After the war, the regiment remained at Pleso.

By 1948, the regiment was renamed, like all other units of the Yugoslav Army, becoming the 111th Assault Aviation Regiment.

The commanders of the regiment in this period were Krsta Lakićević, Hinko Šoić, Predavec and Milan Aćimović.

===111th Assault and Fighter-Bomber Aviation Regiment===
The 111th Assault Aviation Regiment remained at Pleso for a short time. By 1949 it had moved to Cerklje where it was to remain until it was disbanded. In 1954 the Il-2s were replaced with US-built F-47D Thunderbolt fighters. In that period, the unit was renamed the 111th Fighter-Bomber Aviation Regiment (Serbo-Croatian: 111. lovačko-bombarderski avijacijski puk / 111. ловачко-бомбардерски авијацијски пук).

The 111th Fighter-Bomber Aviation Regiment was disbanded in March 1961.

The commanders of the regiment in this period were Milan Aćimović, Miloš Milikić, Radoje Ljubičić, Matija Macut and Petar Orešćanin.

===Re-establishment of the 111th Regiment===
The 111th Support Aviation Regiment was formed at Cerklje airport in April 1961 from the 679th Transport Aviation Squadron, which was equipped with Soviet-made Lisunov Li-3 transport aircraft and the 894th Liaison Aviation Squadron which operated Yugoslav-made Ikarus Kurir liaison machines.

The new 111th Regiment took the number and banner and continued the traditions of the former 111th Fighter-Bomber Aviation Regiment.

The 780th Transport Helicopter Squadron, equipped with new Soviet Mil Mi-4 helicopters, was transferred from the 107th to the 111th Regiment in 1964. The out-moded Li-3s were replaced with similar US C-47 Skytrains in 1966. By 1973, the 780th Squadron had replaced their Mi-4s with newer Mil Mi-8T helicopters. In the same year one other squadron, the 781st, also with Mi-8s, was moved from the 107th to the 111th Regiment. Meanwhile, in 1968, the regiment moved from Cerklje to Pleso airport and the 894th Liaison Aviation Squadron was disbanded.

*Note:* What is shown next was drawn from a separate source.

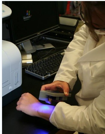 生物工程學(xué)系博士生凱特·巴拉科尼斯使用iPhone閱讀器照射自己的手臂。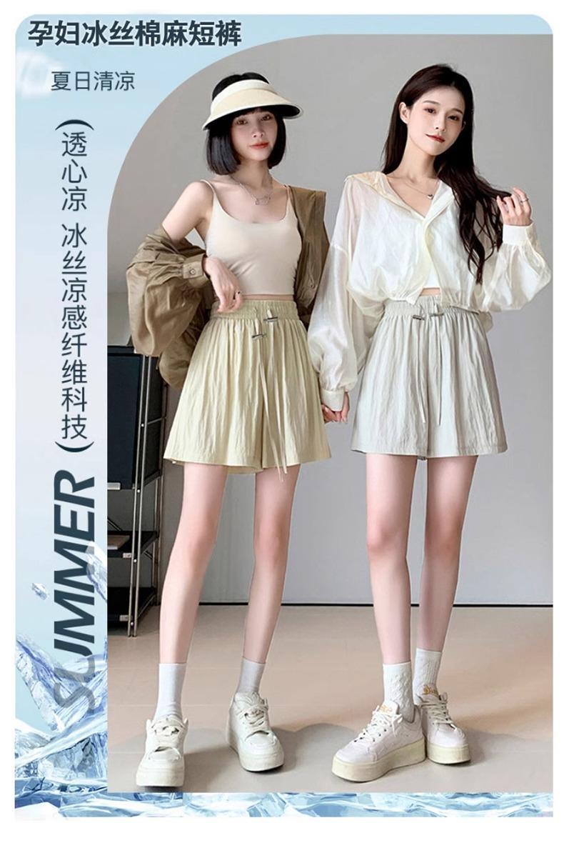 Pantalones cortos de talla grande para embarazadas, de verano, finos, con cordón, informales, pequeños, para embarazadas

New Antonov An-26 cargo aircraft replaced the Skytrains in 1976.

The regiment was renamed the 111th Transport Aviation Regiment (Serbo-Croatian: 111. vazduhoplovni transportni puk / 111. ваздухопловни транспортни пук) in 1978. In 1982 it had grown to an Aviation Brigade, with two more new helicopter squadrons, the 711th and 713th squadrons coming under command. They were equipped with domestic-made Soko Gazelles.

===War period===
The 111th Aviation Brigade was active from the first days of the war in Slovenia. One Mi-8 was shot down by Slovenian Territorial Defence forces on the afternoon of 27 June 1991, killing all three pilots. As the war in Croatia intensified, the brigade found itself located in hostile territory surrounded by Croatian forces, the High Command of the Yugoslav Air Force ordered the evacuation of its units to safer territory, so the 679th Transport Aviation Squadron moved to Batajnica Air Base and was reattached to the 138th Transport Aviation Brigade; while three helicopter squadrons were re-located to Zalužani near Banja Luka. The 713th Anti-Armored Helicopter Squadron was absorbed by the 711th Anti-Armored Helicopter Squadron; so the Air Brigade, consisting of just two squadrons, the 711st and the 780th, became the 111th Helicopter Regiment on 12 October 1991. The regiment operated in an important role during the early war in Croatia and Bosnia and Herzegovina, being used for the transport of troops, ammunition, the evacuation of civilians, CSAR and MEDEVAC missions.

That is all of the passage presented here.